(Data excerpts)
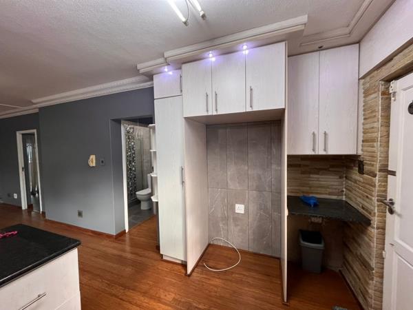 Step into a light-filled open-plan living and dining area, flowing seamlessly into a neat kitchen with ample cupboard space. Both bedrooms are generously sized with built-in cupboards, and the bathroom is clean and functional.
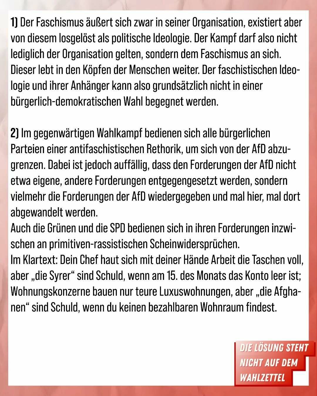 1) Der Faschismus äußert sich zwar in seiner Organisation, existiert aber von diesem losgelöst als politische Ideologie. Der Kampf darf also nicht lediglich der Organisation gelten, sondern dem Faschismus an sich. Dieser lebt in den Köpfen der Menschen weiter. Der faschistischen Ideologie und ihrer Anhänger kann also grundsätzlich nicht in einer bürgerlich-demokratischen Wahl begegnet werden.
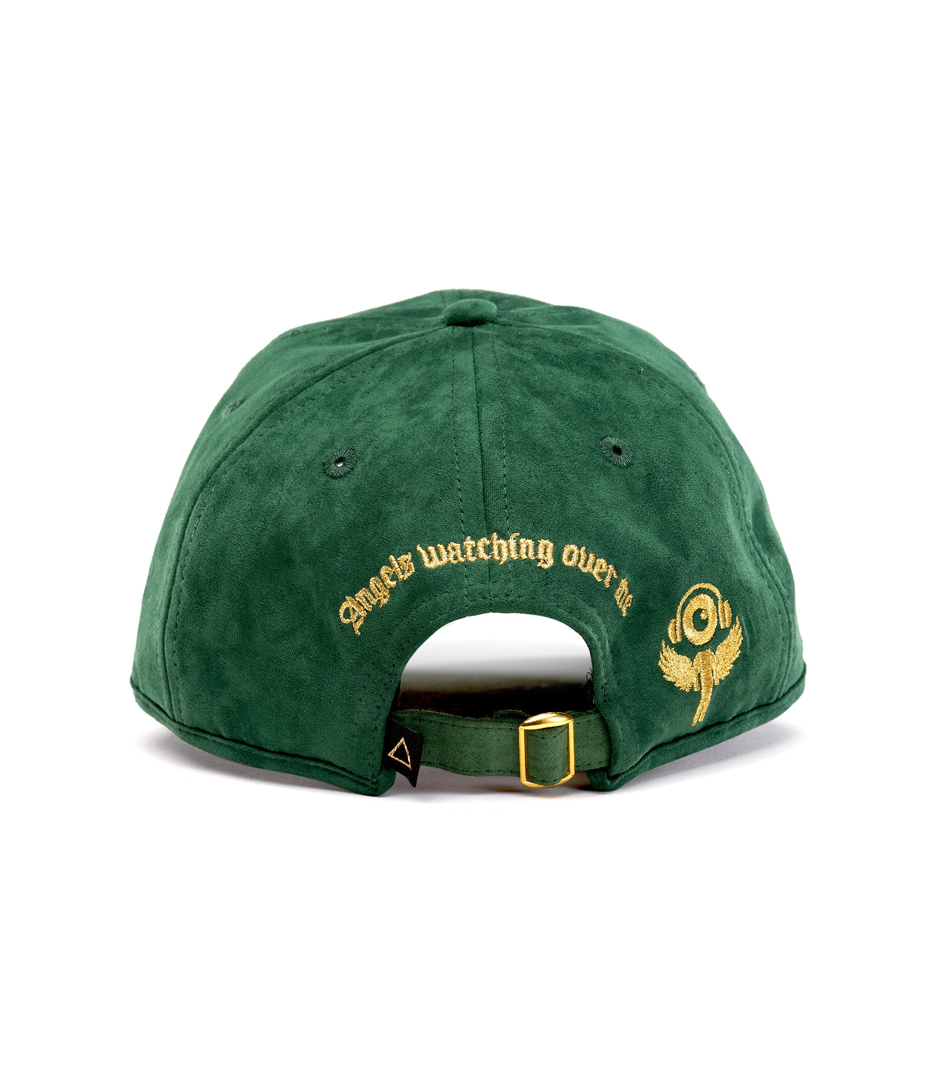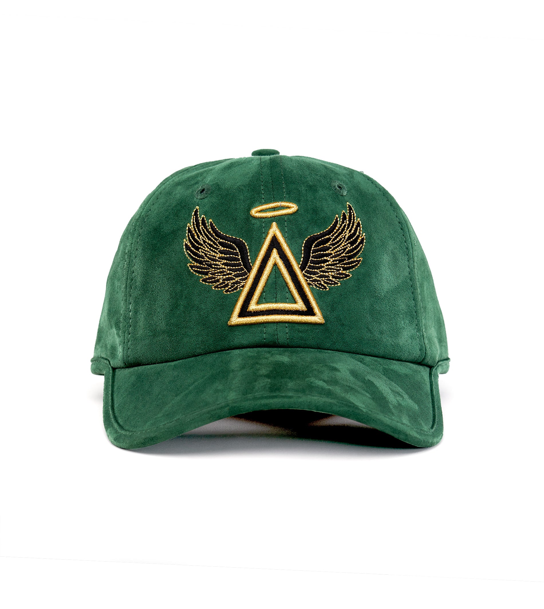 Unstructured Suede DAD HAT is distinguished with Trianguloswag's signature embroidered Logo with a ANGELS remix at front, back & sides. Adjustable back strap Embroidered ventilating grommets,Green Suede, Gold embroidery & Satin Lining with angels Art.
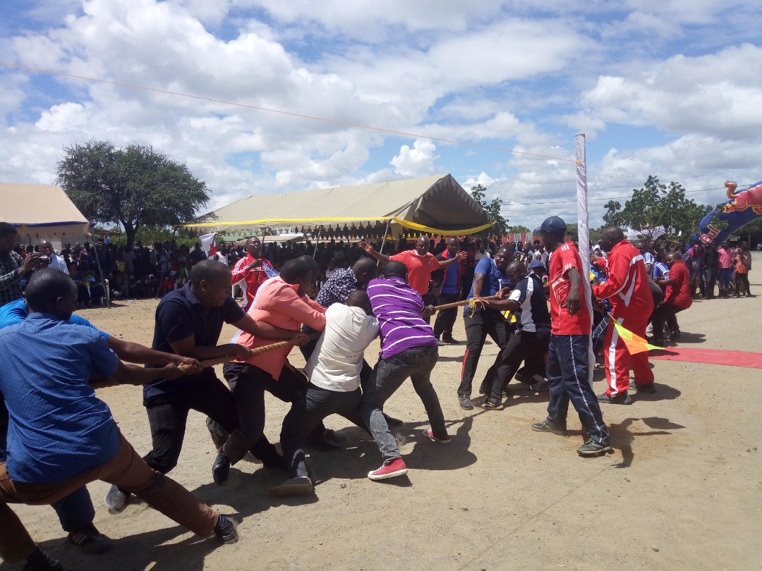Watumishi wa Halmashauri ya Wilaya ya Simanjiro wakishindana kuvuta kamba na wanajeshi wa JWTZ kwenye maadhimisho ya siku ya Ukimwi duniani ambapo katika Mkoa wa Manyara, zilifanyika Mji mdogo wa Mirerani.
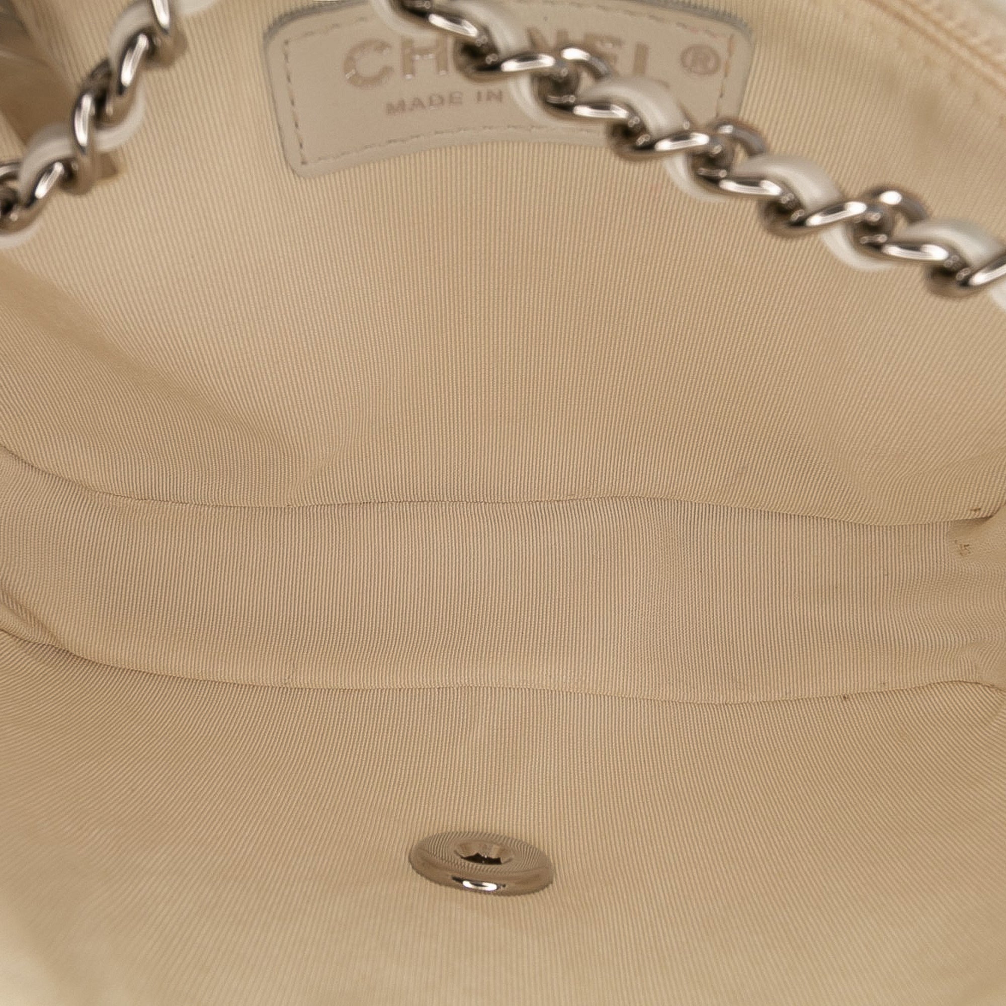 This shoulder bag features quilted lambskin leather with metallic trim border, a leather woven chain link shoulder strap, a front CC turn-lock closure, and an interior zip pocket. Inclusion: authenticity card. Retail Price: 3400.00
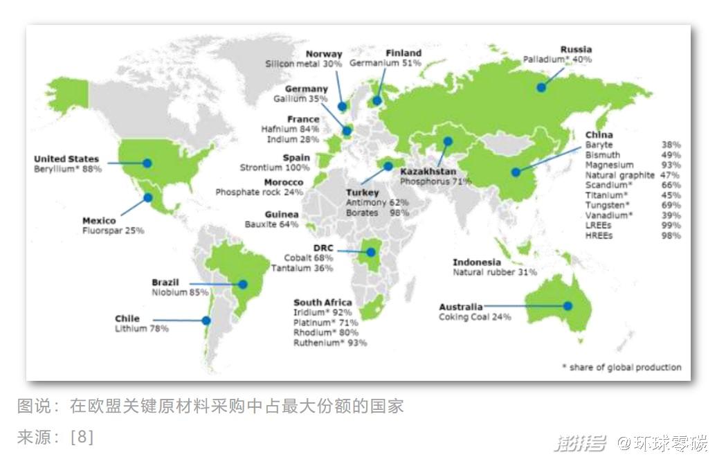 事实上,欧盟仍然依赖从俄罗斯、中国和印度尼西亚进口所需的清洁能源金属,其中,铝、镍和铜供应依赖俄罗斯,电池金属和稀土金属则依赖印度尼西亚和中国。而其他几个国家在欧盟特定关键原材料的供应中也占主要份额,如巴西(铌)、智利(锂)和墨西哥(萤石)。
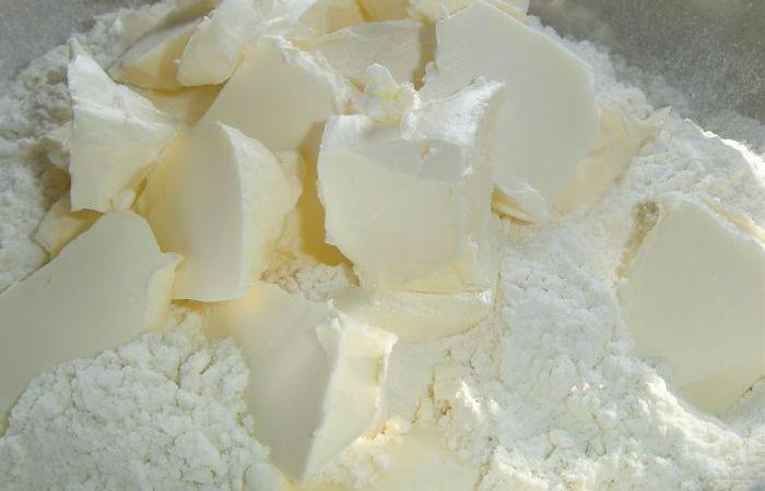 1Муку высыпаем в глубокую емкость и добавляем порезанное кусочками сливочное масло.
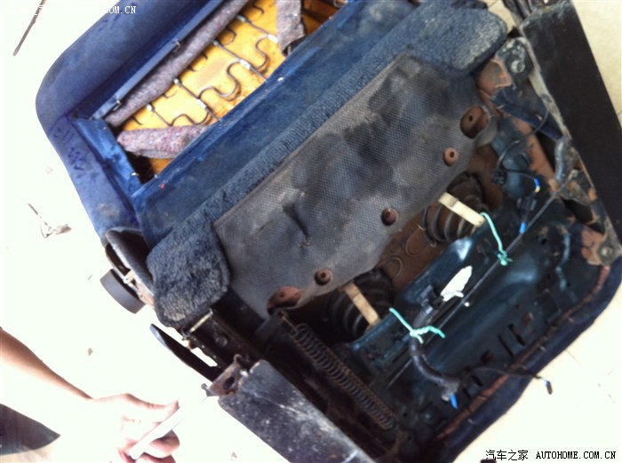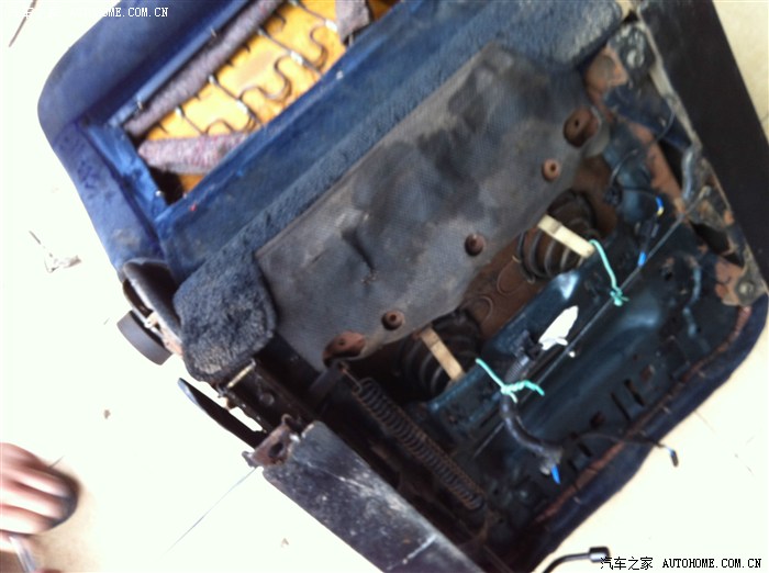 这两张图可以看到背部和坐垫下面都是带弹簧的,此种设计在现在车型上已经绝迹。非常舒适,过沟沟坎坎所有震动都过滤完。有锈迹,毕竟十多年的东西了,刷上防锈漆即可。一分钱一分货的道理在这个椅子上体现的很深刻,滑轨依然顺滑,弹簧无变形布料骨架无破损,海绵依旧柔软,各项调节都没问题。很多国产车弹簧和海绵用两三年就开始变形。看到座椅下面两块扁铁,就是后面焊接上去的,根据原车固定孔在扁铁上打洞,再用原装螺丝固定即可。纯手动调节座椅,无电机损坏故障风险。

Your objective
For this exercise, transcribe the data above line by line, exactly, with pictures omitted.

Problem solution
 Step into a light-filled open-plan living and dining area, flowing seamlessly into a neat kitchen with ample cupboard space. Both bedrooms are generously sized with built-in cupboards, and the bathroom is clean and functional.
 1) Der Faschismus äußert sich zwar in seiner Organisation, existiert aber von diesem losgelöst als politische Ideologie. Der Kampf darf also nicht lediglich der Organisation gelten, sondern dem Faschismus an sich. Dieser lebt in den Köpfen der Menschen weiter. Der faschistischen Ideologie und ihrer Anhänger kann also grundsätzlich nicht in einer bürgerlich-demokratischen Wahl begegnet werden.
 Unstructured Suede DAD HAT is distinguished with Trianguloswag's signature embroidered Logo with a ANGELS remix at front, back & sides. Adjustable back strap Embroidered ventilating grommets,Green Suede, Gold embroidery & Satin Lining with angels Art.
Watumishi wa Halmashauri ya Wilaya ya Simanjiro wakishindana kuvuta kamba na wanajeshi wa JWTZ kwenye maadhimisho ya siku ya Ukimwi duniani ambapo katika Mkoa wa Manyara, zilifanyika Mji mdogo wa Mirerani.
 This shoulder bag features quilted lambskin leather with metallic trim border, a leather woven chain link shoulder strap, a front CC turn-lock closure, and an interior zip pocket. Inclusion: authenticity card. Retail Price: 3400.00
 事实上,欧盟仍然依赖从俄罗斯、中国和印度尼西亚进口所需的清洁能源金属,其中,铝、镍和铜供应依赖俄罗斯,电池金属和稀土金属则依赖印度尼西亚和中国。而其他几个国家在欧盟特定关键原材料的供应中也占主要份额,如巴西(铌)、智利(锂)和墨西哥(萤石)。
 1Муку высыпаем в глубокую емкость и добавляем порезанное кусочками сливочное масло.
 这两张图可以看到背部和坐垫下面都是带弹簧的,此种设计在现在车型上已经绝迹。非常舒适,过沟沟坎坎所有震动都过滤完。有锈迹,毕竟十多年的东西了,刷上防锈漆即可。一分钱一分货的道理在这个椅子上体现的很深刻,滑轨依然顺滑,弹簧无变形布料骨架无破损,海绵依旧柔软,各项调节都没问题。很多国产车弹簧和海绵用两三年就开始变形。看到座椅下面两块扁铁,就是后面焊接上去的,根据原车固定孔在扁铁上打洞,再用原装螺丝固定即可。纯手动调节座椅,无电机损坏故障风险。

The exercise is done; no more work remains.